┌────────

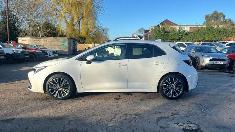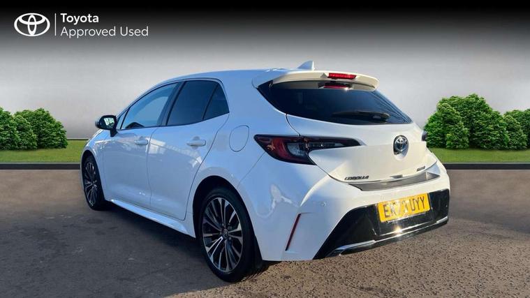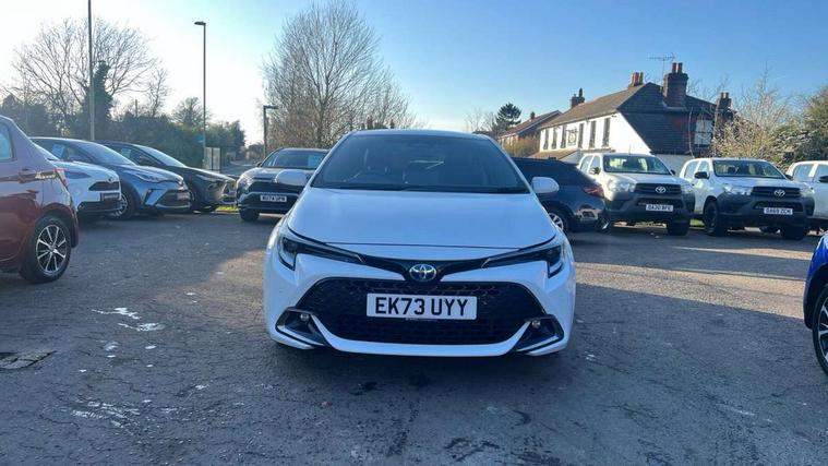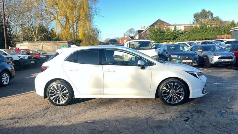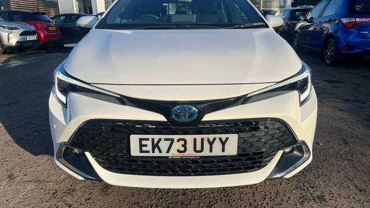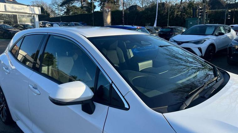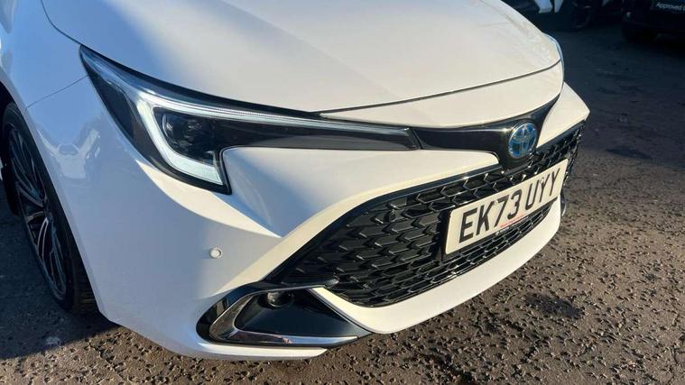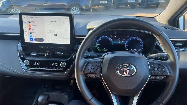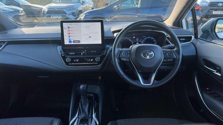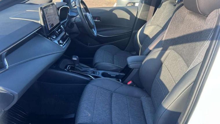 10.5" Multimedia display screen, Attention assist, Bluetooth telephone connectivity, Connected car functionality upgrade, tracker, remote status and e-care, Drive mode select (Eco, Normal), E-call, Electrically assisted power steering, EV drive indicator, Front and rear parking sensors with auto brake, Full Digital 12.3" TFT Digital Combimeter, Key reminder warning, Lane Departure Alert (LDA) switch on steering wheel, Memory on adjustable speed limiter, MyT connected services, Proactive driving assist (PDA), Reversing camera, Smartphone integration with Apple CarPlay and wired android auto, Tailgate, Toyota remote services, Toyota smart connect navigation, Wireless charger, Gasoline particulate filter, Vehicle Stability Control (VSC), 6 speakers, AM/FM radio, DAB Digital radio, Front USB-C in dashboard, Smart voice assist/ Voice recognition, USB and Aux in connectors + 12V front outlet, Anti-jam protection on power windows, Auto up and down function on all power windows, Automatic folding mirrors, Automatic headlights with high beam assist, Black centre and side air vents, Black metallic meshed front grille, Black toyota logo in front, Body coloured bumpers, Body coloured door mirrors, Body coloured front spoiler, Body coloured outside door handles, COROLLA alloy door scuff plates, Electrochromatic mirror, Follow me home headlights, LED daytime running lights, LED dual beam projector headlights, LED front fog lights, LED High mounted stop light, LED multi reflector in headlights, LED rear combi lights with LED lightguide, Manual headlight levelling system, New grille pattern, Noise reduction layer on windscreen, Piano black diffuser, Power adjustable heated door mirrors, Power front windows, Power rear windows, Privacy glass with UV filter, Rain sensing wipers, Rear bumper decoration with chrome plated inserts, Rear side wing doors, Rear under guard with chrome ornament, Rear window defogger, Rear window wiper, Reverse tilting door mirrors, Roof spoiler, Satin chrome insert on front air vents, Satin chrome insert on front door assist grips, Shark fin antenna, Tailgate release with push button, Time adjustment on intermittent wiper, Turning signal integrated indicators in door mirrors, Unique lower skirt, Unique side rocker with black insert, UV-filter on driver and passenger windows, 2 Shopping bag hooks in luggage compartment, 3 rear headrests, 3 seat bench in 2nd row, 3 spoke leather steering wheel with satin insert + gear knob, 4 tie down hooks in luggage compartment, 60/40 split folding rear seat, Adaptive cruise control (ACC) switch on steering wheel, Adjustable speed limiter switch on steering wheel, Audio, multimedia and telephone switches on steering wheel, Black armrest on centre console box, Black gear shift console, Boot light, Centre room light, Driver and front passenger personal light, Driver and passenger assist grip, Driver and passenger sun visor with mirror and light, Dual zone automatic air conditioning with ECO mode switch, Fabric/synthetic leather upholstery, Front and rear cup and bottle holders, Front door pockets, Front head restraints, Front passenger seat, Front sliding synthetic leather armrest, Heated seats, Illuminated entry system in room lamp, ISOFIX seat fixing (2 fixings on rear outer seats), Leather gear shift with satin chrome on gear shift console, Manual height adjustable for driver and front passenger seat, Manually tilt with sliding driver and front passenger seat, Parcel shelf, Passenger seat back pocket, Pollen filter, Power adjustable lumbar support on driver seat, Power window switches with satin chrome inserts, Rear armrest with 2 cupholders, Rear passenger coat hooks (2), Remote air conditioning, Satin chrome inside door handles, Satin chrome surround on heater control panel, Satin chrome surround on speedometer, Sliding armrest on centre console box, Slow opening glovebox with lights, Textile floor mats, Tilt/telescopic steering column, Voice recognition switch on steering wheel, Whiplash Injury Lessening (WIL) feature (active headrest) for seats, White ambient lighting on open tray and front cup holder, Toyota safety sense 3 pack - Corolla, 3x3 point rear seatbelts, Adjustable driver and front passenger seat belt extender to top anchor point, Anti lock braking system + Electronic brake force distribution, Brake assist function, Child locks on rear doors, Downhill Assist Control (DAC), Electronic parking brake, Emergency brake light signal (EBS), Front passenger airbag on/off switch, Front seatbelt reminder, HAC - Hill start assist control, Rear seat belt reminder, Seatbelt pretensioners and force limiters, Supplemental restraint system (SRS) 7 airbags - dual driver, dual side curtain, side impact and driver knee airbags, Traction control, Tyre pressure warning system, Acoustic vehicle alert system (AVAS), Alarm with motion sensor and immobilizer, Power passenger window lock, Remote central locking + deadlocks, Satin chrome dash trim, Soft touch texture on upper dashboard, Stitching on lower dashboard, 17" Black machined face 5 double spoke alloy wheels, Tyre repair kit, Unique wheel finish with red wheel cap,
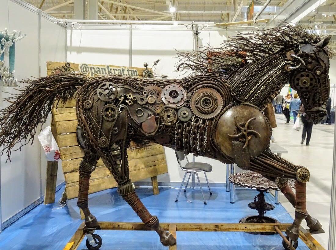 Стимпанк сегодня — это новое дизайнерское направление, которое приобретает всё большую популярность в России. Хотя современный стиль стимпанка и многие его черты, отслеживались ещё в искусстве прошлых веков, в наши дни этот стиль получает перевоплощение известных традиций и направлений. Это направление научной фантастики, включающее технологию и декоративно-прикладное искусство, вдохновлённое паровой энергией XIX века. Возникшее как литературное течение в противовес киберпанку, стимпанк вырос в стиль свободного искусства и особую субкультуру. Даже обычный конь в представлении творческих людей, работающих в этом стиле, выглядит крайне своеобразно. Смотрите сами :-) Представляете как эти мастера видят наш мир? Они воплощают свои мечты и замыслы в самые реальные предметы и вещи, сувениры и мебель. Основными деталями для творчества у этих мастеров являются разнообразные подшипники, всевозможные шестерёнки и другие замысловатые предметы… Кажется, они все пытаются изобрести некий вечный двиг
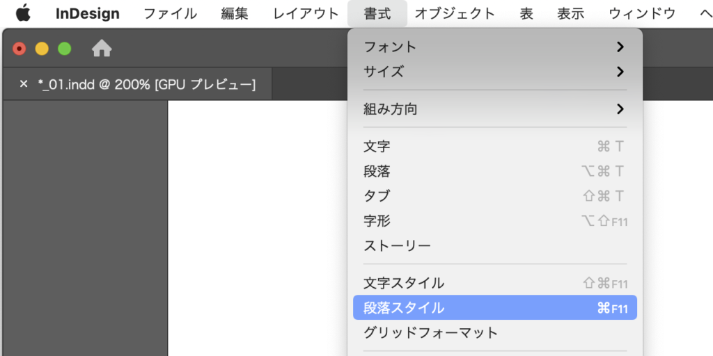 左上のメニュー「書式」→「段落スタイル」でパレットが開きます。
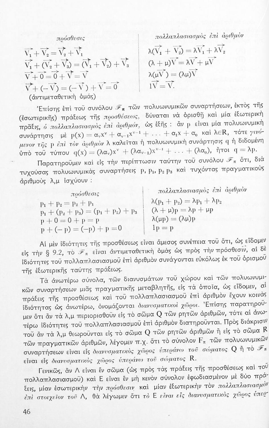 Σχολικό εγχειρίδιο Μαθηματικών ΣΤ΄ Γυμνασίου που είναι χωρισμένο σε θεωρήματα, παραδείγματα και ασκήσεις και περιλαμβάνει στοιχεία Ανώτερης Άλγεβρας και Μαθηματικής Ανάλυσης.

└────────

--- TASK TO CARRY OUT ---
Return the material in full and unaltered, minus its pictures.

--- OUTPUT ---
 10.5" Multimedia display screen, Attention assist, Bluetooth telephone connectivity, Connected car functionality upgrade, tracker, remote status and e-care, Drive mode select (Eco, Normal), E-call, Electrically assisted power steering, EV drive indicator, Front and rear parking sensors with auto brake, Full Digital 12.3" TFT Digital Combimeter, Key reminder warning, Lane Departure Alert (LDA) switch on steering wheel, Memory on adjustable speed limiter, MyT connected services, Proactive driving assist (PDA), Reversing camera, Smartphone integration with Apple CarPlay and wired android auto, Tailgate, Toyota remote services, Toyota smart connect navigation, Wireless charger, Gasoline particulate filter, Vehicle Stability Control (VSC), 6 speakers, AM/FM radio, DAB Digital radio, Front USB-C in dashboard, Smart voice assist/ Voice recognition, USB and Aux in connectors + 12V front outlet, Anti-jam protection on power windows, Auto up and down function on all power windows, Automatic folding mirrors, Automatic headlights with high beam assist, Black centre and side air vents, Black metallic meshed front grille, Black toyota logo in front, Body coloured bumpers, Body coloured door mirrors, Body coloured front spoiler, Body coloured outside door handles, COROLLA alloy door scuff plates, Electrochromatic mirror, Follow me home headlights, LED daytime running lights, LED dual beam projector headlights, LED front fog lights, LED High mounted stop light, LED multi reflector in headlights, LED rear combi lights with LED lightguide, Manual headlight levelling system, New grille pattern, Noise reduction layer on windscreen, Piano black diffuser, Power adjustable heated door mirrors, Power front windows, Power rear windows, Privacy glass with UV filter, Rain sensing wipers, Rear bumper decoration with chrome plated inserts, Rear side wing doors, Rear under guard with chrome ornament, Rear window defogger, Rear window wiper, Reverse tilting door mirrors, Roof spoiler, Satin chrome insert on front air vents, Satin chrome insert on front door assist grips, Shark fin antenna, Tailgate release with push button, Time adjustment on intermittent wiper, Turning signal integrated indicators in door mirrors, Unique lower skirt, Unique side rocker with black insert, UV-filter on driver and passenger windows, 2 Shopping bag hooks in luggage compartment, 3 rear headrests, 3 seat bench in 2nd row, 3 spoke leather steering wheel with satin insert + gear knob, 4 tie down hooks in luggage compartment, 60/40 split folding rear seat, Adaptive cruise control (ACC) switch on steering wheel, Adjustable speed limiter switch on steering wheel, Audio, multimedia and telephone switches on steering wheel, Black armrest on centre console box, Black gear shift console, Boot light, Centre room light, Driver and front passenger personal light, Driver and passenger assist grip, Driver and passenger sun visor with mirror and light, Dual zone automatic air conditioning with ECO mode switch, Fabric/synthetic leather upholstery, Front and rear cup and bottle holders, Front door pockets, Front head restraints, Front passenger seat, Front sliding synthetic leather armrest, Heated seats, Illuminated entry system in room lamp, ISOFIX seat fixing (2 fixings on rear outer seats), Leather gear shift with satin chrome on gear shift console, Manual height adjustable for driver and front passenger seat, Manually tilt with sliding driver and front passenger seat, Parcel shelf, Passenger seat back pocket, Pollen filter, Power adjustable lumbar support on driver seat, Power window switches with satin chrome inserts, Rear armrest with 2 cupholders, Rear passenger coat hooks (2), Remote air conditioning, Satin chrome inside door handles, Satin chrome surround on heater control panel, Satin chrome surround on speedometer, Sliding armrest on centre console box, Slow opening glovebox with lights, Textile floor mats, Tilt/telescopic steering column, Voice recognition switch on steering wheel, Whiplash Injury Lessening (WIL) feature (active headrest) for seats, White ambient lighting on open tray and front cup holder, Toyota safety sense 3 pack - Corolla, 3x3 point rear seatbelts, Adjustable driver and front passenger seat belt extender to top anchor point, Anti lock braking system + Electronic brake force distribution, Brake assist function, Child locks on rear doors, Downhill Assist Control (DAC), Electronic parking brake, Emergency brake light signal (EBS), Front passenger airbag on/off switch, Front seatbelt reminder, HAC - Hill start assist control, Rear seat belt reminder, Seatbelt pretensioners and force limiters, Supplemental restraint system (SRS) 7 airbags - dual driver, dual side curtain, side impact and driver knee airbags, Traction control, Tyre pressure warning system, Acoustic vehicle alert system (AVAS), Alarm with motion sensor and immobilizer, Power passenger window lock, Remote central locking + deadlocks, Satin chrome dash trim, Soft touch texture on upper dashboard, Stitching on lower dashboard, 17" Black machined face 5 double spoke alloy wheels, Tyre repair kit, Unique wheel finish with red wheel cap,
 Стимпанк сегодня — это новое дизайнерское направление, которое приобретает всё большую популярность в России. Хотя современный стиль стимпанка и многие его черты, отслеживались ещё в искусстве прошлых веков, в наши дни этот стиль получает перевоплощение известных традиций и направлений. Это направление научной фантастики, включающее технологию и декоративно-прикладное искусство, вдохновлённое паровой энергией XIX века. Возникшее как литературное течение в противовес киберпанку, стимпанк вырос в стиль свободного искусства и особую субкультуру. Даже обычный конь в представлении творческих людей, работающих в этом стиле, выглядит крайне своеобразно. Смотрите сами :-) Представляете как эти мастера видят наш мир? Они воплощают свои мечты и замыслы в самые реальные предметы и вещи, сувениры и мебель. Основными деталями для творчества у этих мастеров являются разнообразные подшипники, всевозможные шестерёнки и другие замысловатые предметы… Кажется, они все пытаются изобрести некий вечный двиг
 左上のメニュー「書式」→「段落スタイル」でパレットが開きます。
 Σχολικό εγχειρίδιο Μαθηματικών ΣΤ΄ Γυμνασίου που είναι χωρισμένο σε θεωρήματα, παραδείγματα και ασκήσεις και περιλαμβάνει στοιχεία Ανώτερης Άλγεβρας και Μαθηματικής Ανάλυσης.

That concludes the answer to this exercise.